*** Opening of Material shown ***

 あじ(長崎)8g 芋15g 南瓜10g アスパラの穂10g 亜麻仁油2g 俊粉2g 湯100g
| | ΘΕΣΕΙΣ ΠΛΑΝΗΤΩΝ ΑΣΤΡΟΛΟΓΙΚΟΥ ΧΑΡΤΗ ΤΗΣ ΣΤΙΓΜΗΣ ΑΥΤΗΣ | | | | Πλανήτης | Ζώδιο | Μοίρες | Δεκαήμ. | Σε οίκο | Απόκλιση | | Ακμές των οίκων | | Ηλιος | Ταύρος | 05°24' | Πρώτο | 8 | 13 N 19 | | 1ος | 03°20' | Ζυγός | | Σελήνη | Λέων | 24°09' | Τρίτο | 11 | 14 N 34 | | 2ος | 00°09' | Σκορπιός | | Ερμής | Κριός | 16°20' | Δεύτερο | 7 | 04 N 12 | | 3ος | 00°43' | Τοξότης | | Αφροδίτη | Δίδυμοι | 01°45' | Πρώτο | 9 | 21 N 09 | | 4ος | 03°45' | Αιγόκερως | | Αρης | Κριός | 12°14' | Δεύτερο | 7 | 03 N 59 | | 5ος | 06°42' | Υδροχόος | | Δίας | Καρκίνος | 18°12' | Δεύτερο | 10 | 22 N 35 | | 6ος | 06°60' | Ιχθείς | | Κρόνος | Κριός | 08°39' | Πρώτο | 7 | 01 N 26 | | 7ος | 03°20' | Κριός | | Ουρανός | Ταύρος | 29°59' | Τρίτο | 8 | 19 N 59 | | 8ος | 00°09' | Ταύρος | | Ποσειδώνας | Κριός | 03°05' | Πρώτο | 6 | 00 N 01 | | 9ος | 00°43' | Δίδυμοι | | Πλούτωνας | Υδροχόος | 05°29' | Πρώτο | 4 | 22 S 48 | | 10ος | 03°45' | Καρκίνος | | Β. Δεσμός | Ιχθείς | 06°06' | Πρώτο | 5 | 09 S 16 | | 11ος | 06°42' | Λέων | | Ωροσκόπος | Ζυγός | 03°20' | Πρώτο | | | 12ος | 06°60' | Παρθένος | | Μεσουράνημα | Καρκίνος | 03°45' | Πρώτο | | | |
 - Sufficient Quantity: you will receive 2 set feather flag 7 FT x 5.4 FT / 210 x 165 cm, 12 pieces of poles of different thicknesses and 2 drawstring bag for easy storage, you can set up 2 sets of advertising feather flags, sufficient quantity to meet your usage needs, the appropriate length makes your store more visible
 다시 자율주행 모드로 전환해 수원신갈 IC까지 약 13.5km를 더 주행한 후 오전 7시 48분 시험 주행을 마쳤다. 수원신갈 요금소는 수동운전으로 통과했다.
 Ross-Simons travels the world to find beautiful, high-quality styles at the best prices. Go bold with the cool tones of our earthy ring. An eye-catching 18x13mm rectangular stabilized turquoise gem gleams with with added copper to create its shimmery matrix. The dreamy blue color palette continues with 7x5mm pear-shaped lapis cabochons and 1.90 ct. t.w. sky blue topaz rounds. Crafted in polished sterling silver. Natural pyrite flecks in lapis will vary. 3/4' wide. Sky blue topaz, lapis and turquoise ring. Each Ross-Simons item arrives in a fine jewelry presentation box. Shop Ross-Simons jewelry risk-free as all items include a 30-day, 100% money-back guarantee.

*** Close of Material shown ***

A word-for-word copy of the data is what should be returned.

## Exercise result
 あじ(長崎)8g 芋15g 南瓜10g アスパラの穂10g 亜麻仁油2g 俊粉2g 湯100g
| | ΘΕΣΕΙΣ ΠΛΑΝΗΤΩΝ ΑΣΤΡΟΛΟΓΙΚΟΥ ΧΑΡΤΗ ΤΗΣ ΣΤΙΓΜΗΣ ΑΥΤΗΣ | | | | Πλανήτης | Ζώδιο | Μοίρες | Δεκαήμ. | Σε οίκο | Απόκλιση | | Ακμές των οίκων | | Ηλιος | Ταύρος | 05°24' | Πρώτο | 8 | 13 N 19 | | 1ος | 03°20' | Ζυγός | | Σελήνη | Λέων | 24°09' | Τρίτο | 11 | 14 N 34 | | 2ος | 00°09' | Σκορπιός | | Ερμής | Κριός | 16°20' | Δεύτερο | 7 | 04 N 12 | | 3ος | 00°43' | Τοξότης | | Αφροδίτη | Δίδυμοι | 01°45' | Πρώτο | 9 | 21 N 09 | | 4ος | 03°45' | Αιγόκερως | | Αρης | Κριός | 12°14' | Δεύτερο | 7 | 03 N 59 | | 5ος | 06°42' | Υδροχόος | | Δίας | Καρκίνος | 18°12' | Δεύτερο | 10 | 22 N 35 | | 6ος | 06°60' | Ιχθείς | | Κρόνος | Κριός | 08°39' | Πρώτο | 7 | 01 N 26 | | 7ος | 03°20' | Κριός | | Ουρανός | Ταύρος | 29°59' | Τρίτο | 8 | 19 N 59 | | 8ος | 00°09' | Ταύρος | | Ποσειδώνας | Κριός | 03°05' | Πρώτο | 6 | 00 N 01 | | 9ος | 00°43' | Δίδυμοι | | Πλούτωνας | Υδροχόος | 05°29' | Πρώτο | 4 | 22 S 48 | | 10ος | 03°45' | Καρκίνος | | Β. Δεσμός | Ιχθείς | 06°06' | Πρώτο | 5 | 09 S 16 | | 11ος | 06°42' | Λέων | | Ωροσκόπος | Ζυγός | 03°20' | Πρώτο | | | 12ος | 06°60' | Παρθένος | | Μεσουράνημα | Καρκίνος | 03°45' | Πρώτο | | | |
 - Sufficient Quantity: you will receive 2 set feather flag 7 FT x 5.4 FT / 210 x 165 cm, 12 pieces of poles of different thicknesses and 2 drawstring bag for easy storage, you can set up 2 sets of advertising feather flags, sufficient quantity to meet your usage needs, the appropriate length makes your store more visible
 다시 자율주행 모드로 전환해 수원신갈 IC까지 약 13.5km를 더 주행한 후 오전 7시 48분 시험 주행을 마쳤다. 수원신갈 요금소는 수동운전으로 통과했다.
 Ross-Simons travels the world to find beautiful, high-quality styles at the best prices. Go bold with the cool tones of our earthy ring. An eye-catching 18x13mm rectangular stabilized turquoise gem gleams with with added copper to create its shimmery matrix. The dreamy blue color palette continues with 7x5mm pear-shaped lapis cabochons and 1.90 ct. t.w. sky blue topaz rounds. Crafted in polished sterling silver. Natural pyrite flecks in lapis will vary. 3/4' wide. Sky blue topaz, lapis and turquoise ring. Each Ross-Simons item arrives in a fine jewelry presentation box. Shop Ross-Simons jewelry risk-free as all items include a 30-day, 100% money-back guarantee.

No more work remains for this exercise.